PennWest represents the largest single enrollment loss across the system, with a drop of 1,473 students. Commonwealth is second with 985 fewer students this year. Between them, the losses are greater than the overall deficit throughout the system. They wipe out the progress of colleges that saw increases. East Stroudsburg had the greatest percentage, up 6% to 5,463. Indiana added the greatest numbers, with 422 more students this year.

This isn’t necessarily a reason to panic. The mergers were a big shake-up. There will be a learning curve. It is a reason to pay attention and make steady course corrections to prevent a greater slide.

“What we just saw happen was fully predicted by us,” said PennWest’s interim President R. Lorraine Bernotsky.

It makes sense that there would be a loss. However, a 22% enrollment loss since the merger is dramatic. It no doubt has a lot to do with people holding back and seeing how the merger goes before committing tuition dollars.

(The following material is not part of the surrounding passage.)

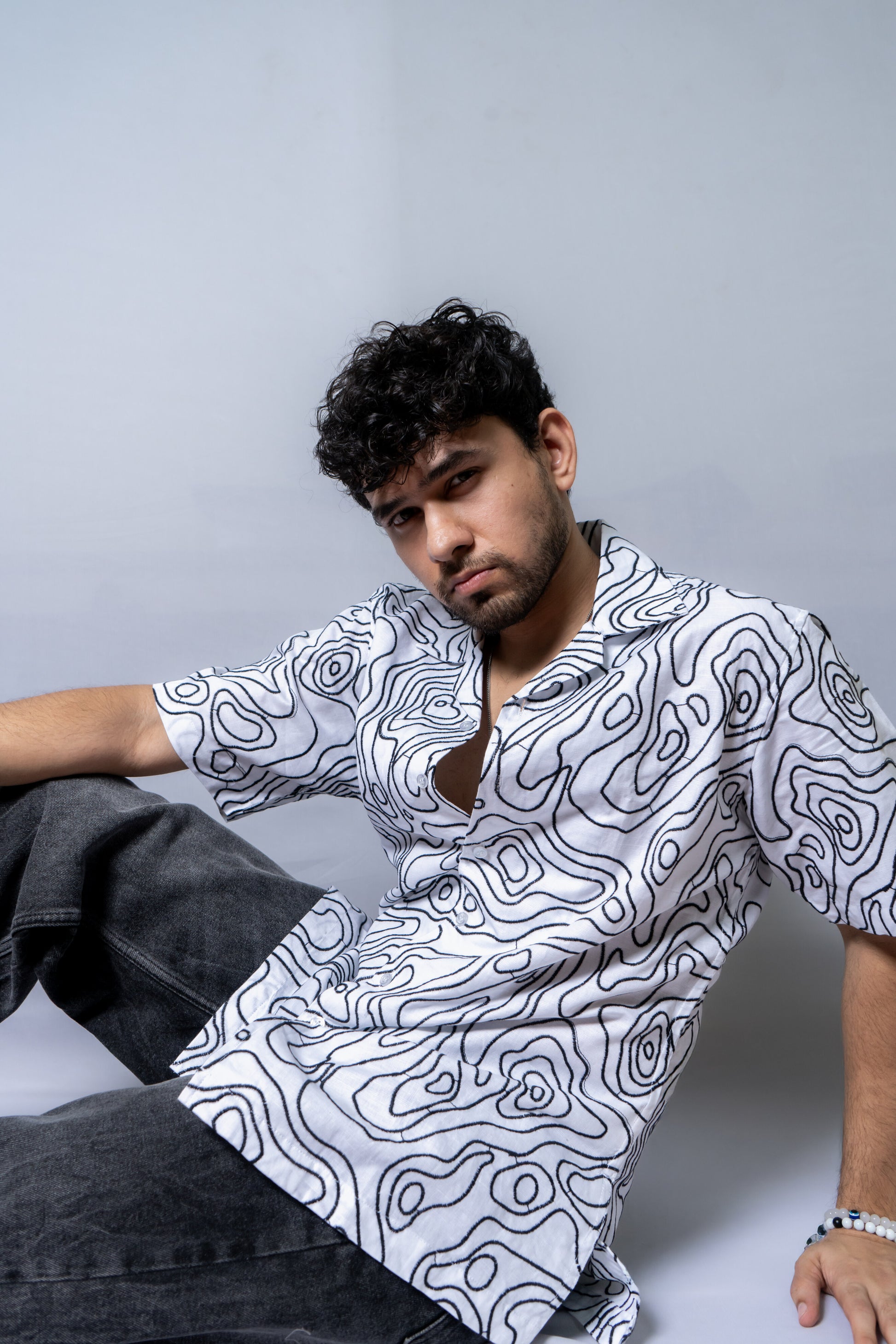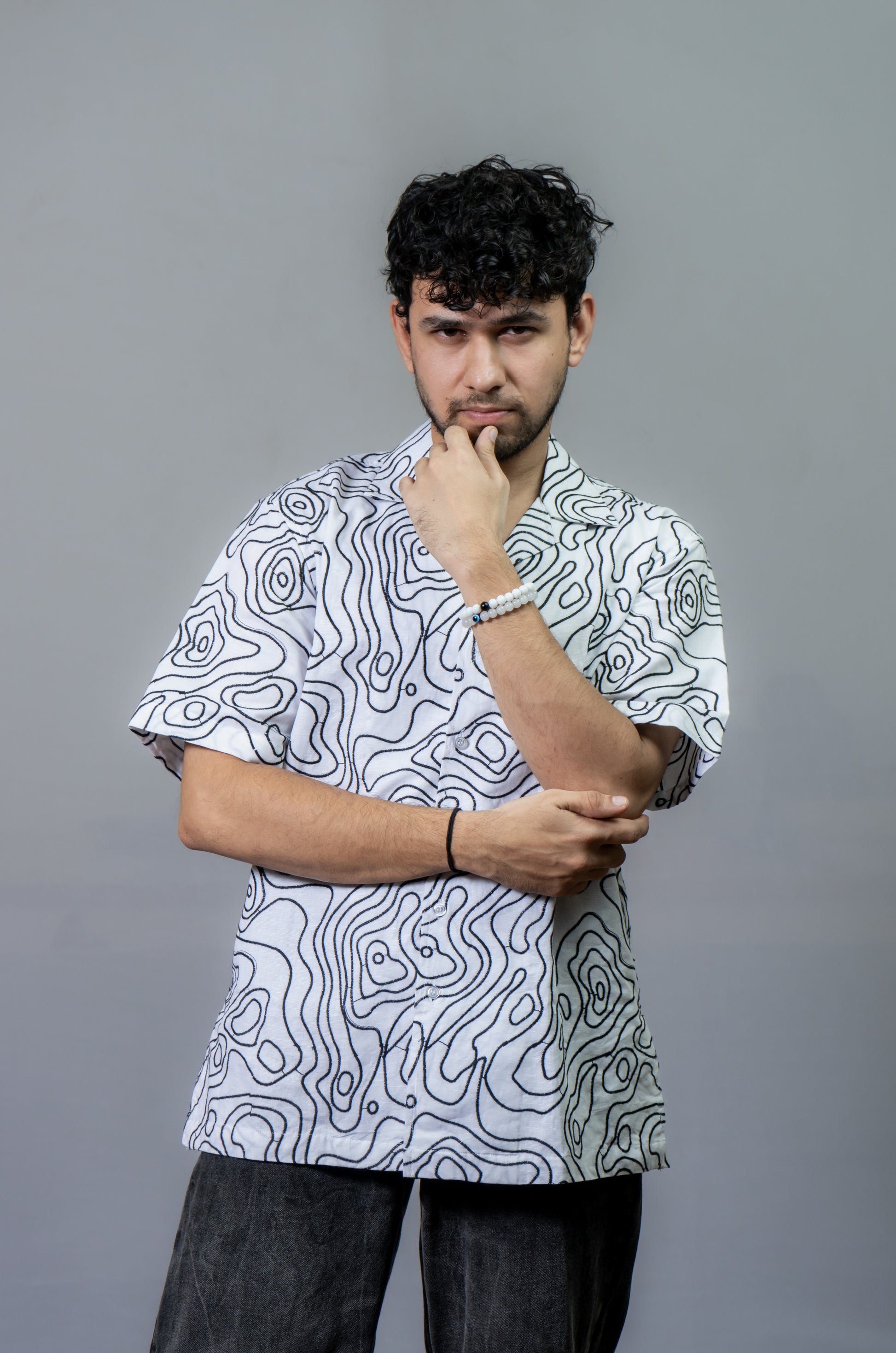 Hemp All Over Embroidery Shirt The Wiggle Love- Black&White

Another aspect is likely the identity crises PennWest and Commonwealth are experiencing as they try to embrace their new names but the individual campuses’ old personalities.

“What we’re trying to do at PennWest is not going to be an overnight fix,” Bernotsky said.

True, but rebranding is tricky. Confusing the customer never helps sell the product. PennWest needs to decide what it is and develop a consistent message to draw students so it stops being a drain on the State System as a whole.